В тот день меня не посвящали в подробности исследования из-за его конфиденциального характера, но я знала, что нейроученые Жан Рене Дюамель и его жена Анжела Сиригу изучают возможности вентральной интрапариетальной области, которую сокращенно называют VIP[59]. (Я избавлю вас от обычных шуточек, которые рассказываю студентам о «VIP-комнате» мозга.) Эта зона расположена в теменной доле, чуть выше уха, и помогает приматам (и людям в том числе) осознавать направление движения и обрабатывать все визуальные, тактильные и слуховые ощущения, которые получает тело при перемещении в пространстве. Эта область также играет важную роль в направлении взгляда, давая нам возможность избегать столкновений с предметами во время ходьбы или бега. А еще она заставляет поворачивать голову, например вслед симпатичному прохожему.

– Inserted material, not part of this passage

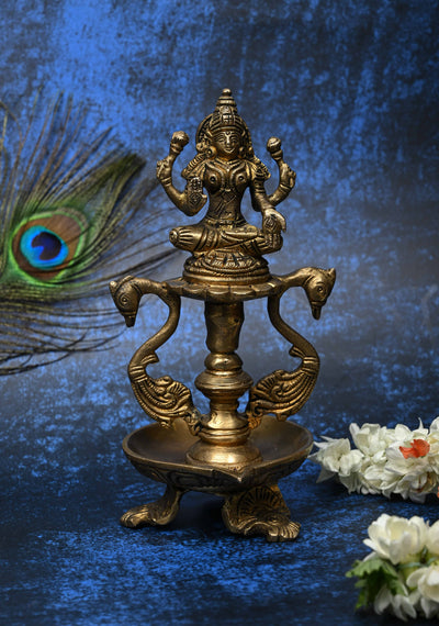 7.5" Antique Brass Lakshmi with Swans Diya, Indian Decorative Table Top and Pooja Article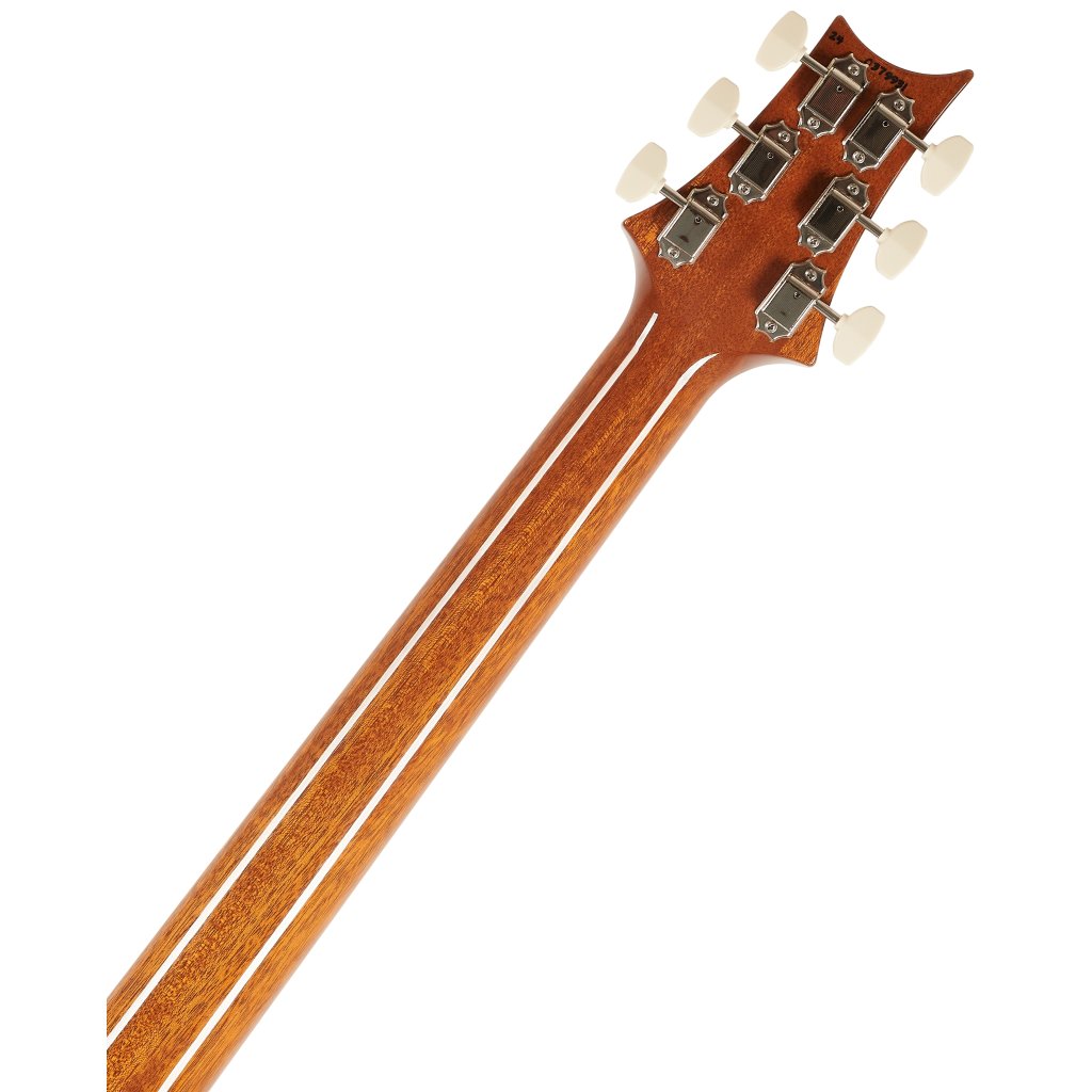 McCarty 594 Singlecut Red Tiger je nástroj s dušou vintage gitár, dizajnom tela s jedným výrezom a skvelými hernými vlastnosťami. Na prvý pohľad zaujme pôsobivá kresba dreva figúrovanej javorovej vrchnej dosky. K mahagónovému krku s profilom Pattern Vintage je prilepený palisandrový hmatník. Kratšia menzúra gitary (625 mm) je samozrejme stelesnená v označení modelu McCarty 594 (24,594 palca). Orientáciu po ploche hmatníka uľahčujú polohové značky v podobe perleťových siluet vtákov.

Согласно стандартному алгоритму, исследователи подключили внутричерепные микроэлектроды, которые позволяют вживую отслеживать локальные сигналы в мозге, к усилителю: это дало возможность услышать звучание нейронов, посылающих сигналы из VIP в момент, когда обезьяна переводит взгляд на другой объект.
«Хотите послушать?» — спросил меня один из исследователей.
Я кивнула. Я была слишком взволнована, чтобы говорить. Когда я надела наушники, время будто замедлилось. Я почувствовала, как у меня ускорилось сердцебиение. Нейроны обезьяны звучали в основном как помехи, но в этом шуме прослушивался мощный сигнал, словно я настроилась на лучшую радиостанцию в мире. Меня потрясла чистота и реальность этой информации, этого излучения жизни. В тот момент я поняла, что нашла свое призвание. Это была любовь с первого звука.
Как бы меня ни завораживал звук работающего живого мозга, я знала, что никогда не смогу работать с подопытными, запертыми в клетках. При всем уважении к доктору Дюамелю и его супруге я хотела посвятить свою жизнь изучению мозга отчасти для того, чтобы освободить людей. Я подумала, что лучшим способом совместить эту цель с собственным развитием будет помощь людям в восстановлении после тяжких увечий и при нарушениях работы мозга, таких как эпилепсия. Поэтому я отправилась в Университетскую больницу Женевы в Швейцарии, где было одно из лучших неврологических отделений в Европе.